Micheladas are not a challenging thing: Pour beer into a glass, shake in some hot sauce or sauces, squeeze in a lime, salt well. Everyone has their own way of doing it, their own set of ratios, their own sauce. I make mine in a can.
I made these for the first time this past New Year’s Eve, when a friend and I were looking to use up some stray cans of Tecate before heading down to Coney Island to ceremoniously throw strips of paper in the water. It’s a fine beer but not the most flavorful and it was lunchtime and we wanted something that tasted nice. There were some limes on the table. Micheladas, I probably mumbled, grabbing my roommate’s jumbo-sized bottle of Valentina that I use every once in awhile without asking.
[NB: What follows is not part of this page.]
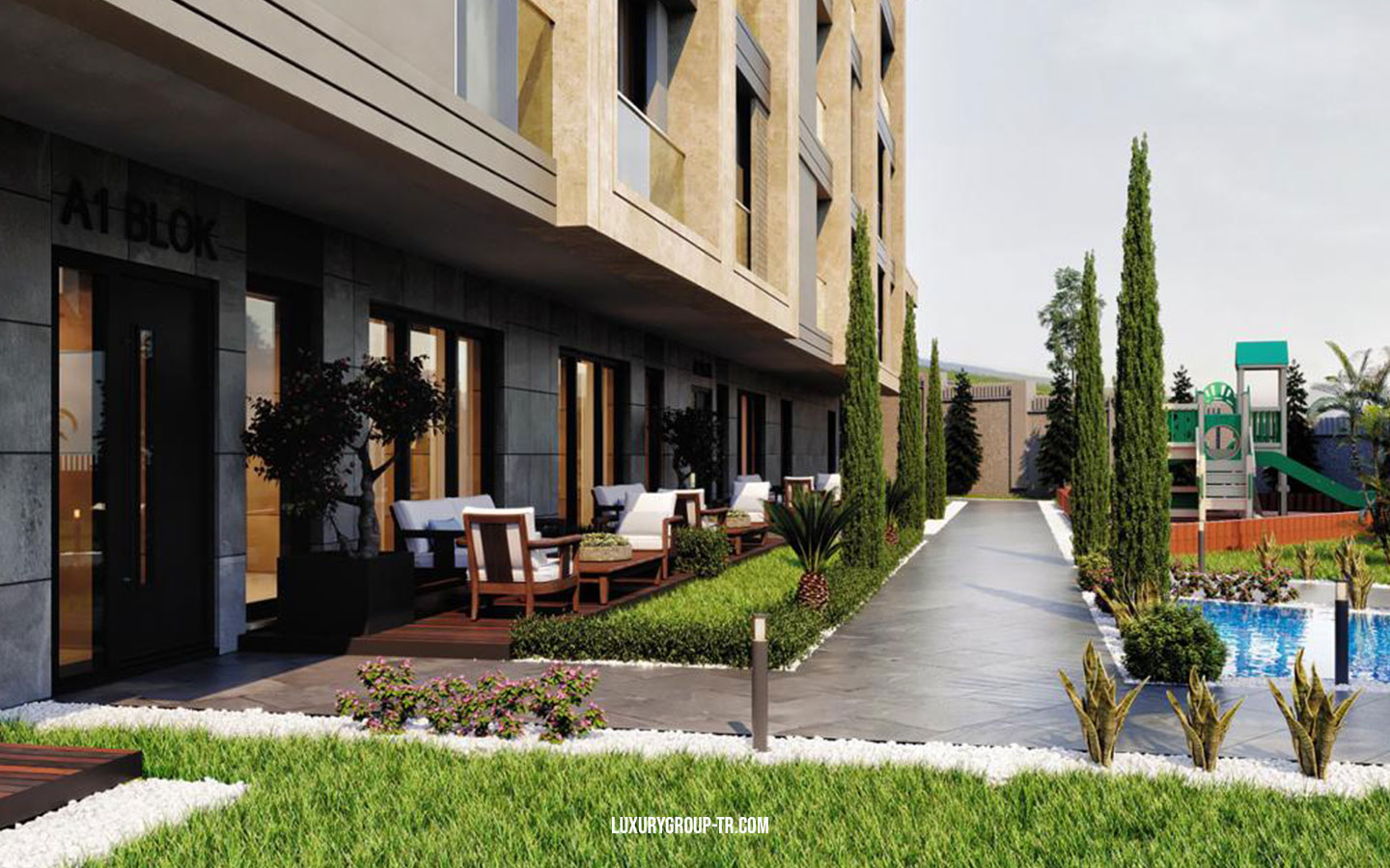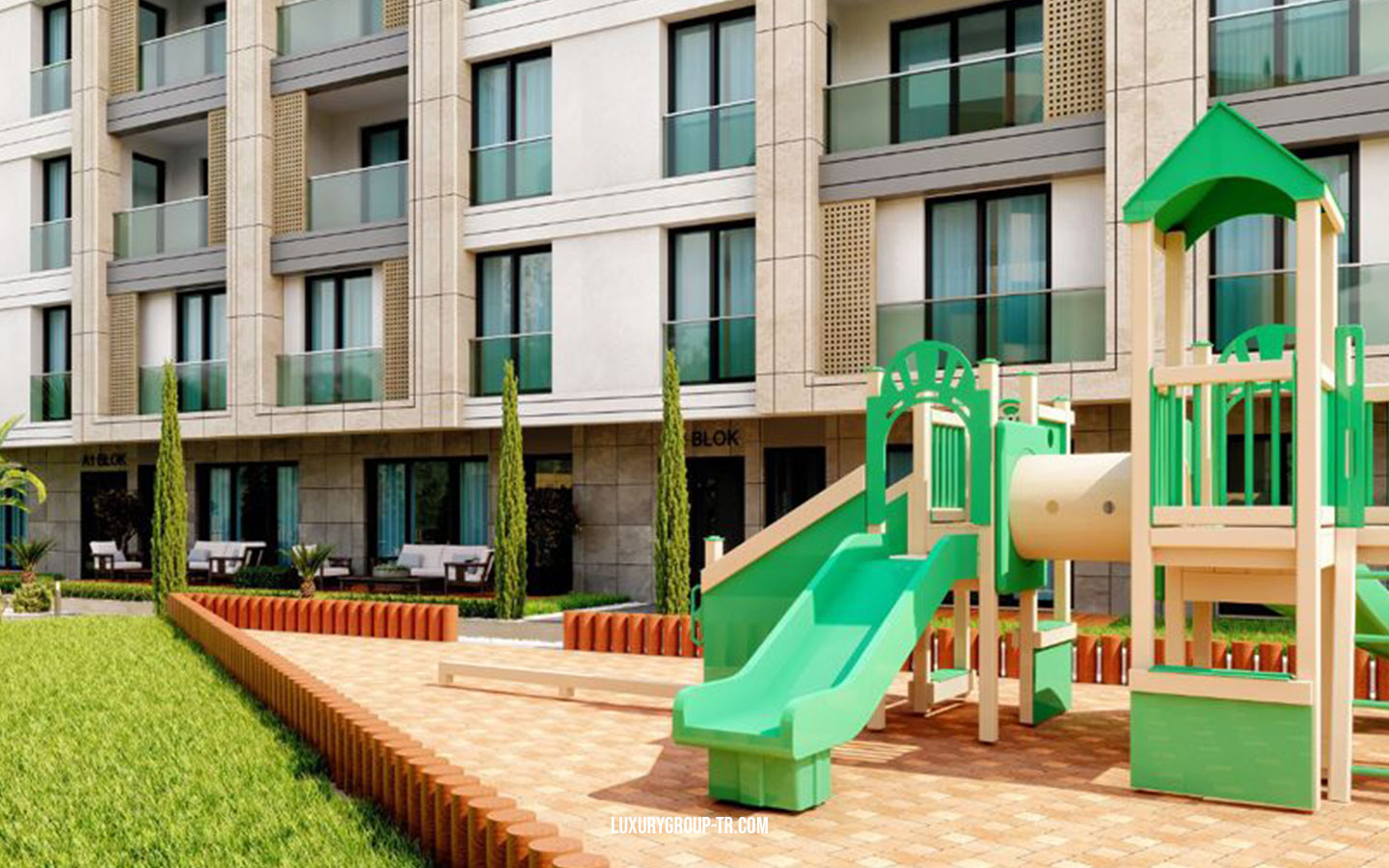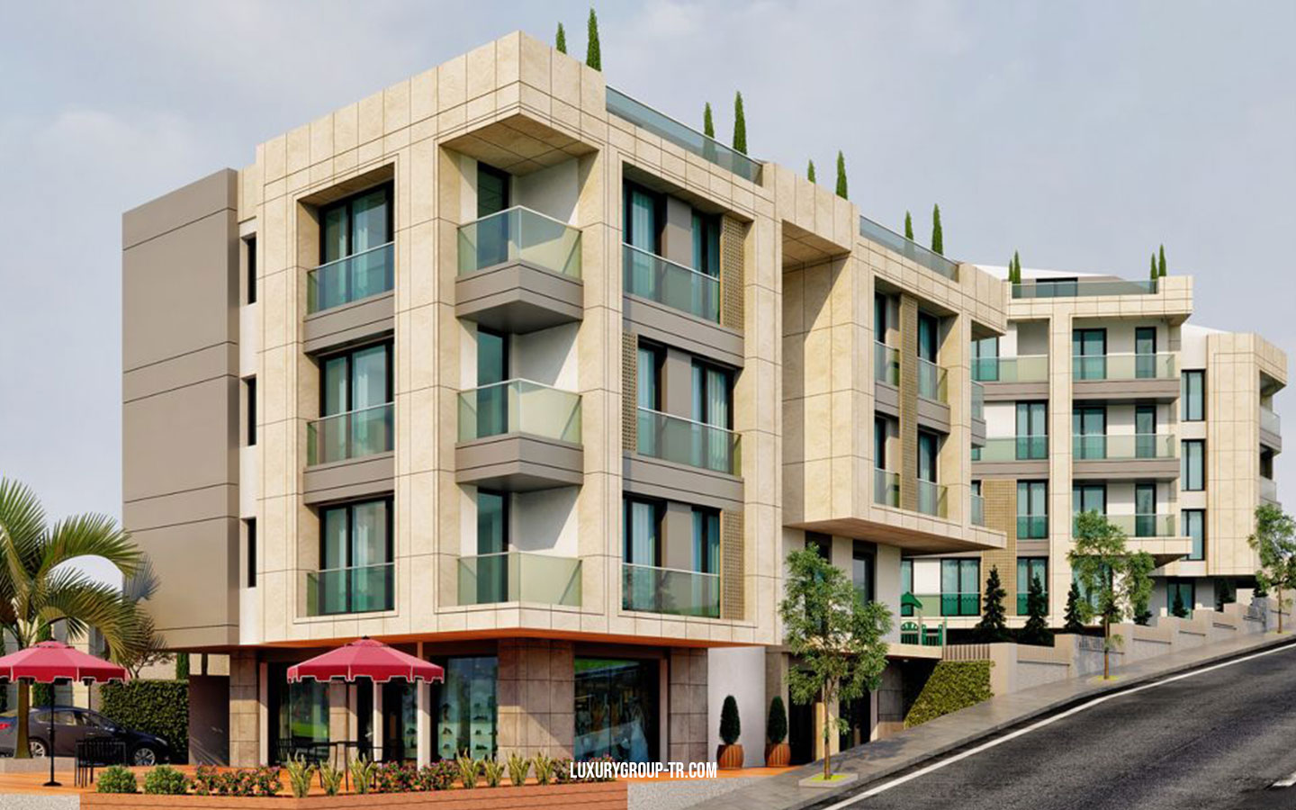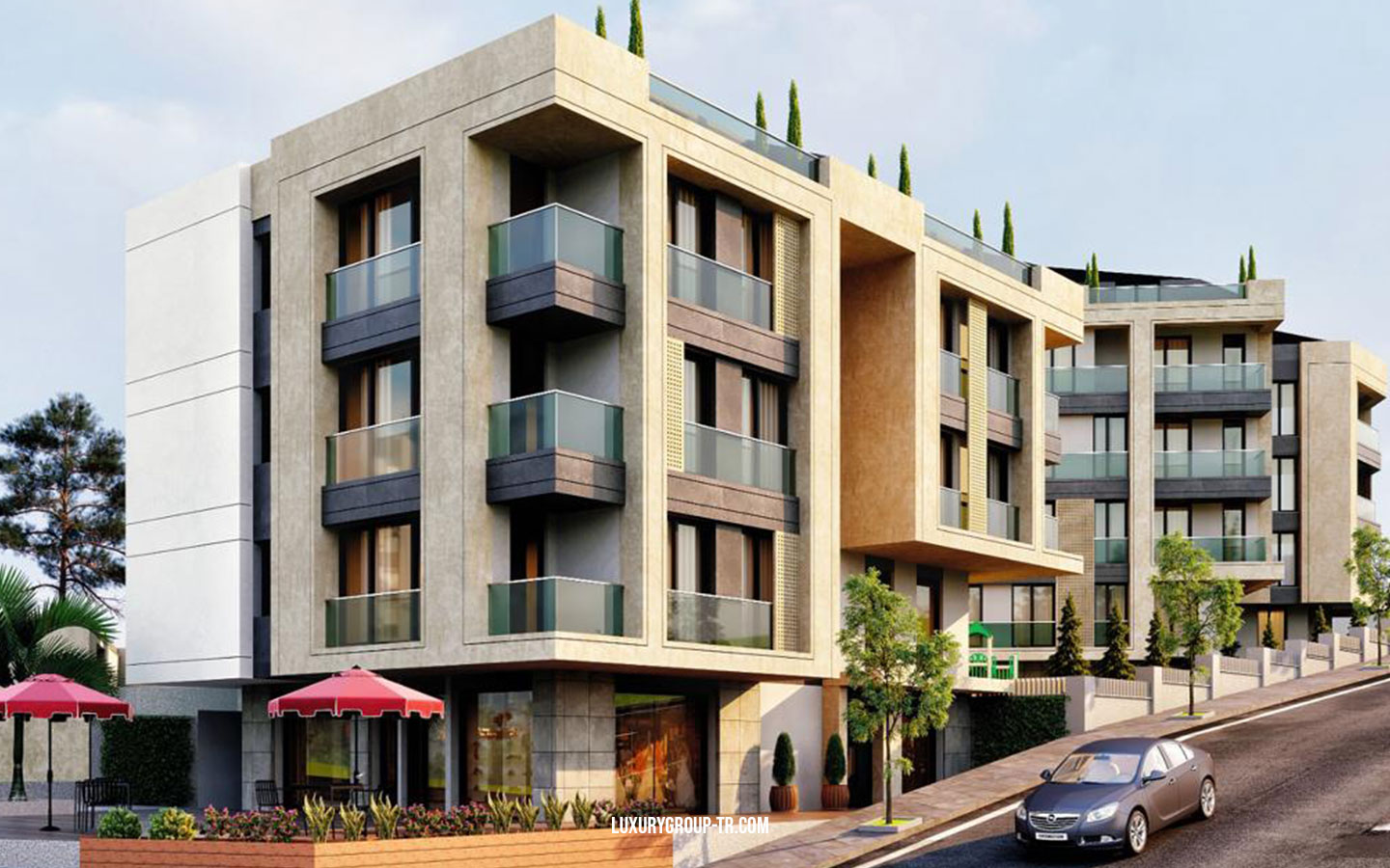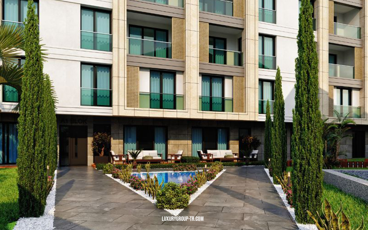 Casamarin project The project is located Beylikdüzü, only 1 km from the Marmara sea coastline. 10 min from the metrobüs line, 3 min from the coastline and 5 min to West Istanbul Marina. The area of the project is 5000 sqm construction is 2000 sqm. It has 2 Blocks, A block is separated to 3 blocks with different entries and has 5 floors,B block has 4 floors, the project has different apartment types starting from 1+1 to 5+1 duplex with beautiful sea view in each floor is 2 apartments.

Using glasses felt frivolous, or useless: It just seemed so much more direct to shake some hot sauce and squeeze some lime juice into the open mouth of a can than to ceremoniously treat this thing like a Cocktail we had to stir around in glasses. Nobody wants to wash dishes on New Year’s Eve. This was a day of reflection and resolution; we’d keep the ceremony for the beach, not the kitchen.
It’s a flawed strategy: Unless you have one of those tiny black stir sticks you find in the coffee section of a convenience store, there’s really no way to stir the hot sauce into your beer, so it sits, at first, at the bottom of the can, nearly forgotten. But each sip turns the beer over and does some mixing for you, and halfway through you think “Ah, yes, this could be a Michelada.”
So the hot sauce goes in first. Best to take a sip or two before shaking it in there to make some room. Then you squeeze in some lime, a lot of which will inevitably pool near the mouth of the can. Try to guide it in there. The salt is the fun part. If you have one of those salt grinders, even funner. Crank or sprinkle it atop your beer cans from on high, showering a thin layer over the mouth of the can. This will make a mess on your table that’s easy to clean up. It’s one barbaric step past a salt rim, and it feels silly and good. Drink and repeat.